--- DATA TO EXAMINE Enclosed Below ---

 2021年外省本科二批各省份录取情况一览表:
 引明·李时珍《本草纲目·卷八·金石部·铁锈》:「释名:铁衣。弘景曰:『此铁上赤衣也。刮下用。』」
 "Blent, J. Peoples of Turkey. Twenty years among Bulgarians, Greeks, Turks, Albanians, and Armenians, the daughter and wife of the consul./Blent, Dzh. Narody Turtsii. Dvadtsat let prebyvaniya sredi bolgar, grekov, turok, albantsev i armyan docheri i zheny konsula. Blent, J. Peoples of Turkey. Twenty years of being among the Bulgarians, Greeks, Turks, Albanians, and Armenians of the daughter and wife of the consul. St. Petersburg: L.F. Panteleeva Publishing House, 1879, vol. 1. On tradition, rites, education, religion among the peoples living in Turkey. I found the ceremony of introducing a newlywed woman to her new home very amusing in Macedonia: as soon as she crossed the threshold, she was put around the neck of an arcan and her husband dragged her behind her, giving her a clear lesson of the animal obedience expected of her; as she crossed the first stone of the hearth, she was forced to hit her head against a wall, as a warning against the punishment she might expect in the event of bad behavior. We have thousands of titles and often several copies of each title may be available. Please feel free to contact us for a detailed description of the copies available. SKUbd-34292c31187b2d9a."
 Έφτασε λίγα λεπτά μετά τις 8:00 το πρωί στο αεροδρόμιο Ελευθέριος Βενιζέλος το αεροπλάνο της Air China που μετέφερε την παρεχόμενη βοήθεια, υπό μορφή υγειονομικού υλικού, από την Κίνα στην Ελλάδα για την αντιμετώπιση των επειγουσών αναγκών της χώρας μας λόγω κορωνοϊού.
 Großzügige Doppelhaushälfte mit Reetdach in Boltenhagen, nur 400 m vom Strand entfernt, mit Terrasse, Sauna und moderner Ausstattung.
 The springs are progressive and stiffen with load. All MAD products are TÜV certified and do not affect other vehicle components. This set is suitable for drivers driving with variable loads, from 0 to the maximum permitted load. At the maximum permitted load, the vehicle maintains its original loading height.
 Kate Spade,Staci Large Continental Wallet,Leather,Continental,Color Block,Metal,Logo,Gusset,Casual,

--- End of Enclosed DATA TO EXAMINE ---
--- DATA TO EXAMINE Enclosed Below ---

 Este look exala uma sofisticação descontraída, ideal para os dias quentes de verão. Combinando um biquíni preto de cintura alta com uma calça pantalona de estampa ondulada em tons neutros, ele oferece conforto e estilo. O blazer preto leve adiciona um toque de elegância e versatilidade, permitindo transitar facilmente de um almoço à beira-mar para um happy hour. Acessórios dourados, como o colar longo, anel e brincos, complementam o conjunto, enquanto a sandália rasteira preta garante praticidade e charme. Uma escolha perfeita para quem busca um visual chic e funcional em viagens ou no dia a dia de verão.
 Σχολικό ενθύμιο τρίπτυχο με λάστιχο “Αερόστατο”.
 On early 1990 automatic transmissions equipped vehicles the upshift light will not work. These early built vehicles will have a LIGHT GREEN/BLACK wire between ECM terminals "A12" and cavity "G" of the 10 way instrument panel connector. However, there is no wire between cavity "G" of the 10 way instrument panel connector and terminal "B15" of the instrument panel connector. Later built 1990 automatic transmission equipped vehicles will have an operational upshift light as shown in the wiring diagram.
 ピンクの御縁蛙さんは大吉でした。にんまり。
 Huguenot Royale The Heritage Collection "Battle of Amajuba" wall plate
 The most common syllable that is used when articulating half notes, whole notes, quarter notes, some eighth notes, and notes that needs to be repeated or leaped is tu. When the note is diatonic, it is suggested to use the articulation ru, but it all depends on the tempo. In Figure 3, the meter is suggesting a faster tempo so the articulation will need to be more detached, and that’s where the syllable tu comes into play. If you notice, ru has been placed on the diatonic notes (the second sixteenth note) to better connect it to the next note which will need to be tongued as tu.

--- End of Enclosed DATA TO EXAMINE ---
--- DATA TO EXAMINE Enclosed Below ---

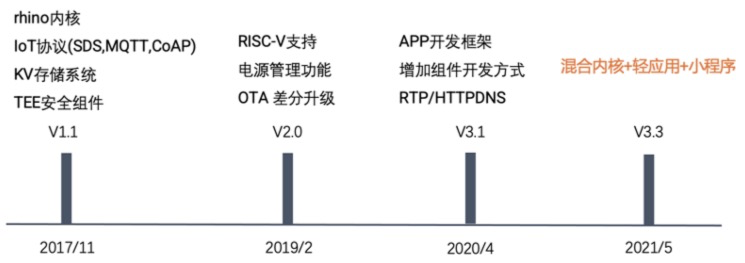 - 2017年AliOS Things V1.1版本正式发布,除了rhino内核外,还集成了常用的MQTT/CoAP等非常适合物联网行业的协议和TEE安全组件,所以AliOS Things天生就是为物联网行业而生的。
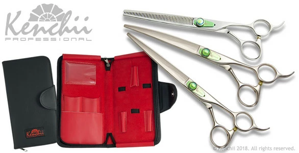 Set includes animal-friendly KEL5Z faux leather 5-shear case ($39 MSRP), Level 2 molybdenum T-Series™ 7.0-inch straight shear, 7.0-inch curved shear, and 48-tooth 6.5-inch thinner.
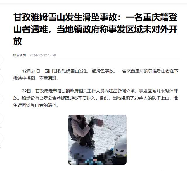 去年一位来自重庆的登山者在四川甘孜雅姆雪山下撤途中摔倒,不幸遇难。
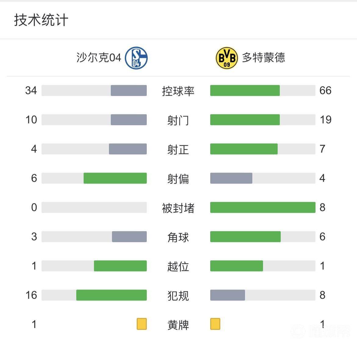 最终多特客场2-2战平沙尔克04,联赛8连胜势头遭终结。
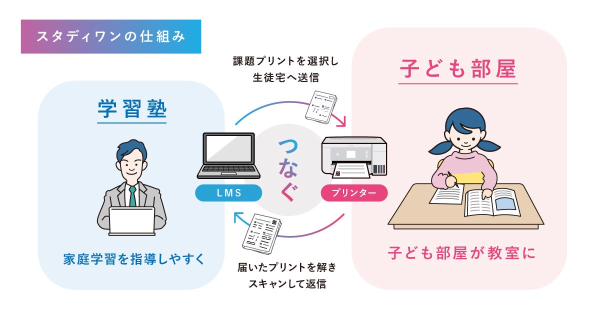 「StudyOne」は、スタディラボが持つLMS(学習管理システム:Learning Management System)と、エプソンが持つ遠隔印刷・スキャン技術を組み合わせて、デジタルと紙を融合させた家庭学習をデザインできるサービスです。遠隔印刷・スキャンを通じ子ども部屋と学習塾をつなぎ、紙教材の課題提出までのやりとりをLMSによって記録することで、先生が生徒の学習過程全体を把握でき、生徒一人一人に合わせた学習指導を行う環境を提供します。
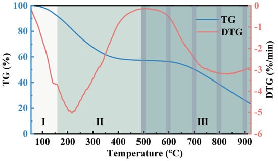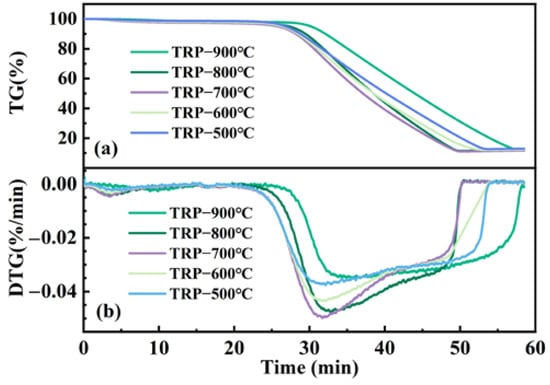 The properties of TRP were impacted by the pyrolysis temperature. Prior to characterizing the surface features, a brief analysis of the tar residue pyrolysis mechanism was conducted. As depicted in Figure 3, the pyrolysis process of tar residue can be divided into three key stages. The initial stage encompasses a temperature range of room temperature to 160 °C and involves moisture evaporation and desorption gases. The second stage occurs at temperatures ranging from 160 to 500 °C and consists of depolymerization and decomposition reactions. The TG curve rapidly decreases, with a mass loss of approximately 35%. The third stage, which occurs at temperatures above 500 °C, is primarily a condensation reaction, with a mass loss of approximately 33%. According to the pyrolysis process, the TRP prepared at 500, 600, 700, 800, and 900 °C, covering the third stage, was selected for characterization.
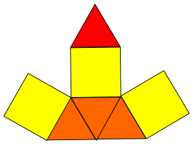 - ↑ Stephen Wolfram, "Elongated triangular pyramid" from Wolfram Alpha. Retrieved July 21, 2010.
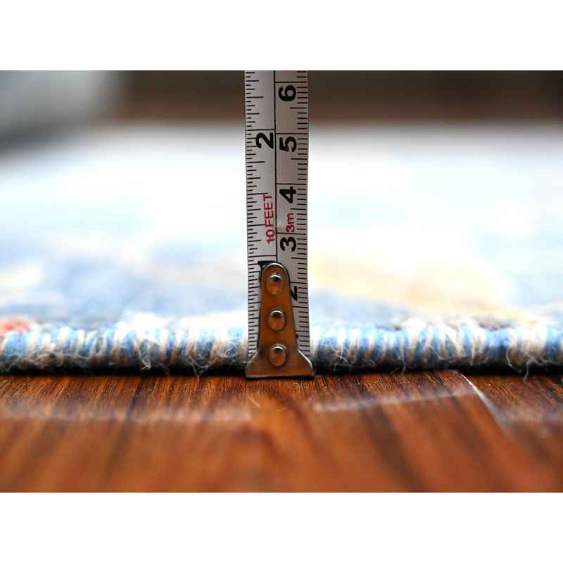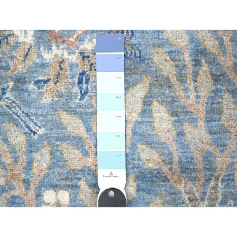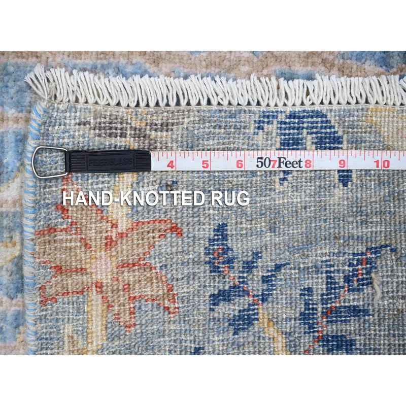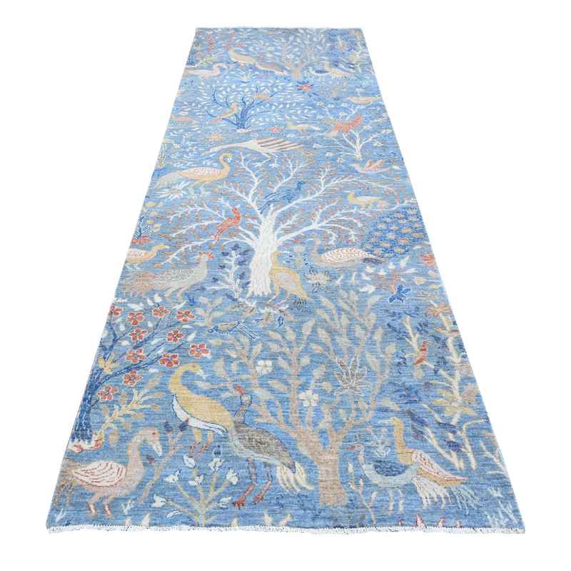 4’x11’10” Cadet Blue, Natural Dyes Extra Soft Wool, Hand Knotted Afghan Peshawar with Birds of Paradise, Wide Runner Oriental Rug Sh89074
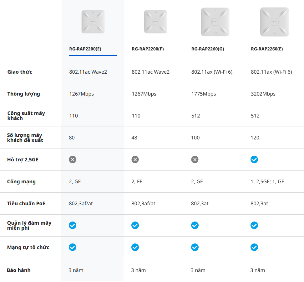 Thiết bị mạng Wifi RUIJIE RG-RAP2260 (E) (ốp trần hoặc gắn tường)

--- End of Enclosed DATA TO EXAMINE ---

## PROMPT
The entries above hold a line with "ピンクの御縁蛙さんは大吉でした。にんまり。" and a later line with "The most common". Write out exactly those lines and all lines between, nothing more.

## TASK SOLUTION
 ピンクの御縁蛙さんは大吉でした。にんまり。
 Huguenot Royale The Heritage Collection "Battle of Amajuba" wall plate
 The most common syllable that is used when articulating half notes, whole notes, quarter notes, some eighth notes, and notes that needs to be repeated or leaped is tu. When the note is diatonic, it is suggested to use the articulation ru, but it all depends on the tempo. In Figure 3, the meter is suggesting a faster tempo so the articulation will need to be more detached, and that’s where the syllable tu comes into play. If you notice, ru has been placed on the diatonic notes (the second sixteenth note) to better connect it to the next note which will need to be tongued as tu.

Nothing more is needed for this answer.